HIV counselling has both prevention and care as its objectives. It concentrates on emotional, behavioral, and social issues related to possible or actual infection with HIV. In essence, counselling is a confidential dialogue between a client (in counselling, the word "client" is preferred to "patient") and a counselor, aimed at enabling the client to cope with stress and take personal decisions related to HIV/AIDS. With the consent of the client, counselling can be extended to spouses, sex partners, and other persons considered important by the client. While a counselor might be a doctor, nurse, or social worker, she or he can also be a member of the community such as a teacher, village leader, or religious leader (e.g., imam, minister, or priest.)
 
Voluntary counselling and testing (VCT) is a combination of two activities - counselling and testing - into a service that amplifies the benefits of both. It is an approach that is useful in all settings - resource-rich and resource-poor, urban and rural. Because VCT is adaptable to clients' needs, it can be done for individuals and couples, for people of all ages and of all backgrounds. And, with proper training, members of the clients' local community, regardless of their educational level, can do the counselling component.
 
New inclusions
 
Voluntary counseling and testing has a two-pronged approach. Firstly it helps to determine who requires care and treatment. This includes both ART and interventions to prevent mother-to-child HIV transmission (PMTCT). Secondly it helps prevention and transmission of HIV infection to others.
 
Additionally, voluntary counseling and testing can also stimulate discussion about HIV and AIDS and in turn reduce stigma and discrimination.
 
VCCTC as an entry point for HIV prevention and care
 
 
Adapted from “Voluntary Counselling and Testing for HIV Infection in Antenatal Care: Practical Considerations for Implementation.” World Health Organisation, September 1999.
 
RIGHTS BASED APPROACH
 
Voluntary counseling and testing should follow a rights-based approach which means that:
 
  • people have a right to know their HIV status;
  • HIV testing must be voluntary, the decision to test or not to test being based on an understanding of accurate, objective and relevant information;
  • post-test counselling & services are crucial;
  • confidentiality must be protected;
  • non-discrimination in service delivery is critical; and
  • testing and counselling must be scaled up, eventually leading to universal access.
 
VCCT includes specialized counseling on the following issues:
 
HIV and AIDS information
Pre-test or decision counseling
Post-test Counseling
Plans for reducing risk behaviour
 
GOALS OF VCCT
 
1. Prevention of HIV transmission
  • From +ve tested people to untested or –ve partners
  • From +ve tested mother to child
2. Prevention of HIV acquisition
  • By –ve tested people from +ve or untested partners
3. Early and appropriate uptake of service
+ve-tested people
  • Medical care (including ARV therapy, treatment of OIs, prevention of OIs and HIV-associated infections and screening for HIV-associated infections and tumours
  • Family planning (including counselling about reproductive choices)
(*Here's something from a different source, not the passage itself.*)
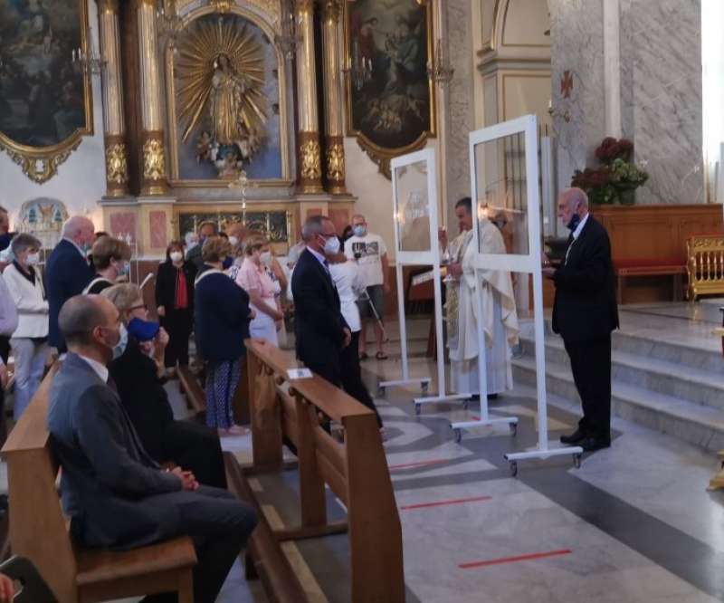En las fiestas de la Virgen de los Desamparados de la barriada de Sagunto de la ciudad de Valencia, popularmente conocidas como Fiestas de la Rosquilleta, el cura párroco José Ricardo Albelda, y el ministro extraordinario de la comunión que le ayudaba, la distribuyeron parapetados por una mampara de cristal. Se trata de una estructura de hierro a manera de ventanal, bajo el cual daban la comunión en la mano a los fieles. Estos elementos son movibles, al tener bajo unas ruedecillas que facilitan su traslado.

  • Emotional care (including individual, couple and family support)
  • Counselling for positive living (nutrition, ongoing counselling, disclosure issues and identification of safety network)
  • Social support
  • Improved coping and planning for the future
  • Legal advice
The impact of Voluntary Counselling and Testing
-ve-tested people
  • Emotional care
  • Family planning (including counselling about reproductive choices)
  • Improved coping and planning for the future
4. Societal benefits
  • Normalization of HIV
  • Challenging stigma
  • Promoting awareness
  • Supporting human rights
5. Counselling for adherence
  • Adherence to ARVs and preventive therapies
  • Coping with adverse effects
  • Counselling about adherence in MTCT interventions
 
GUIDING PRINCIPLES OF HIV COUNSELING AND TESTING
 
WHO recommends that the following guiding principles be observed in the provision of all HIV testing and counselling services:
 
a. Testing and Counselling must now be scaled up
Offering HIV testing and counselling should become standard practice wherever they are likely to enhance the health and well-being of the individual. The objective is to enable the greatest possible number of people to benefit from the ever-improving treatment, care and prevention options and realise their right to the highest attainable standard of health care.
 
b. HIV testing should be voluntary
Mandatory HIV testing is neither effective for public health purposes nor ethical, because it denies individuals choice and violates principles such as the right to health, including the right to privacy and the ethical duties to obtain informed consent and maintain confidentiality. Although the process of obtaining informed consent will vary according to different settings, all those offered the test should receive sufficient information and should be helped to an adequate understanding of the testing process and possible consequences of being tested. The three crucial elements in obtaining truly informed consent in HIV testing are:
· Providing pre-test information on the purpose of testing, and on the treatment and support available once the result is   known
· Ensuring understanding
· Respecting the individual’s right to decide if they want to be tested or not.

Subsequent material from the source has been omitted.